У многих животных развит инстинкт заготовки пищевых запасов чаще всего на зиму. Но никогда эти запасы не превышают потребностей, то есть всегда рациональны. Муравьи жнецы, питающиеся зернами и обитающие в зоне пустынь, иногда запасают зерен больше, чем требуется до появления нового урожая, при этом покрывают их каким-то раствором, предохраняющим от плесневения. Но эта запасливость оправдываема, так как в пустыне нередки сильные засухи, когда урожая зерен нет.

Собственность стала закрепляться в инстинкте уже при стадном образе жизни в первобытных общинах и особенно прочно укоренилась при зарождении семейного оседлого образа жизни. Собственность способствовала выживанию в экстремальных условиях существования.
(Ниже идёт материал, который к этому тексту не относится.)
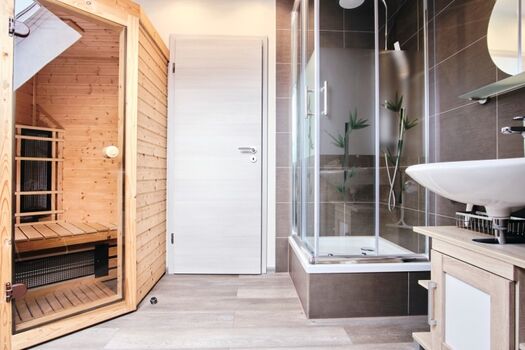 Badezimmer: 1 Vollbad mit ebenerdiger Dusche und WC im EG; Fußboden: Fliesen mit Fußbodenheizung, 1 Duschbad mit WC und Infrarotsauna im OG; Fußboden: Fliesen

С развитием общества, совершенствованием цивилизации, в погоне за удобствами жизни собственность стала одним из преобладающих инстинктов. Она стала распространяться на усовершенствованные орудия труда, одежду, жилище и превращалась в индикатор материального и даже морального превосходства перед окружающими. Развиваясь, этот инстинкт вступал в конфликт с альтруизмом. Дальнейшее его развитие вело к расслоению общества на богатых и бедных, угнетению одних другими и вызвало усложнение и обострение отношений в обществе. Развитию собственности способствовало использование денег, драгоценностей, того, что хорошо сохранялось и не портилось, как продукты питания или одежда.

Чувство собственности заставляло трудиться, возбуждало соревнование, зависть, лидерство. Стремление к собственности, к обогащению настолько укоренилось в сознании, что потеряло границы органической целесообразности, стало ненасытным, беспредельным и неисчерпаемым. В новых условиях жизни общества инстинкт собственности приобрел преобладающие черты существования.
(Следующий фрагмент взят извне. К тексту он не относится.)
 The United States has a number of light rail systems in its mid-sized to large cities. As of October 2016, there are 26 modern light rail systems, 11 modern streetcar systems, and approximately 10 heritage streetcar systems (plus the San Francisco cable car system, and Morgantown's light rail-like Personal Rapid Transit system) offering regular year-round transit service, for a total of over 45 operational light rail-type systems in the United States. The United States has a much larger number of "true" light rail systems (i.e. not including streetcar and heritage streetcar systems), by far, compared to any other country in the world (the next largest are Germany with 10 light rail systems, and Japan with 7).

Человеком, лишенным инстинкта собственности, мог быть только раб. Он терял стимул к улучшению жизни, материальной обеспеченности как своей, так и семьи, и не имея на это права, превращался в полуживотное, довольствующееся тем, чтобы набить свой желудок и обеспечить жизнь. Хорошо сказал об этом Л. Толстой после того, как ознакомился с «Капиталом» К. Маркса. Похвалив эту книгу, он с недоумением заметил, что без частной собственности человек не может быть полноценным. К величайшей беде, глашатаи социализма и коммунизма Маркс, Энгельс, Ленин и следовавшая за ними команда, недооценили значение этой исконно природной и инстинктивной черты человека, решив построить в одной стране социализм с последующим переходом в коммунизм, и, лишив человека частной собственности, обрекли большую страну на положение полигона этого безумного эксперимента, принесшего столько страданий. К чему это привело хорошо известно, когда России, отказавшейся от запрета частной собственности, пришлось заниматься так называемой перестройкой. К тем же последствиям привел запрет частной собственности в Китае. Ныне там стали поговаривать об изменении соответствующей статьи конституции и разрешении частной собственности.

Но собственность стала служить стимулом предпринимательства, неотделимого от духа наживы, за счет ближних. Культ частной собственности стал превращаться в культ силы и развивал его. Могучий древний и органически рациональный инстинкт, столь необходимый в стаде дикарей, примитивном обществе, в обстановке развитой цивилизации под воздействием разума принял поистине уродливые формы, отрицательные последствия которых грозят гибелью будущему человечеству.

В основе современной собственности капиталистического общества лежит острое соперничество в беспредельном стремлении к собственности, обогащению, всесильной власти денег, этим неизбежным нагайкам, подстегивающим безостановочное и безграничное движение вперед к опасным конфликтам общества. Так усилилась стихия, когда не человек стал править обстановкой, а, наоборот, обстановка начала править человеком.

Вопрос о потребностях человека сложен. Здесь мы имеем в виду потребности материальные, тогда как существуют еще и нравственные, духовные. Первые — источник активной деятельности, заставляющий все больше и больше приобретать вещей и становиться постепенно их рабом. Очень часто у человека нет потребности в той или иной вещи, но тем не менее он приобретает их, массу совершенно ненужных, зато престижных, вроде дорогих фотоаппаратов, компьютеров, видеотехники. Подобная потребность — ложная, иллюзорная. Она порождается только инстинктом подражания и соперничества друг с другом. Инстинкт собственности подогревается беспрерывным совершенствованием вещей, которые одна другой красивей и удобней появляются на рынке, а человек охотится за ними, упиваясь удовлетворением чувства собственности.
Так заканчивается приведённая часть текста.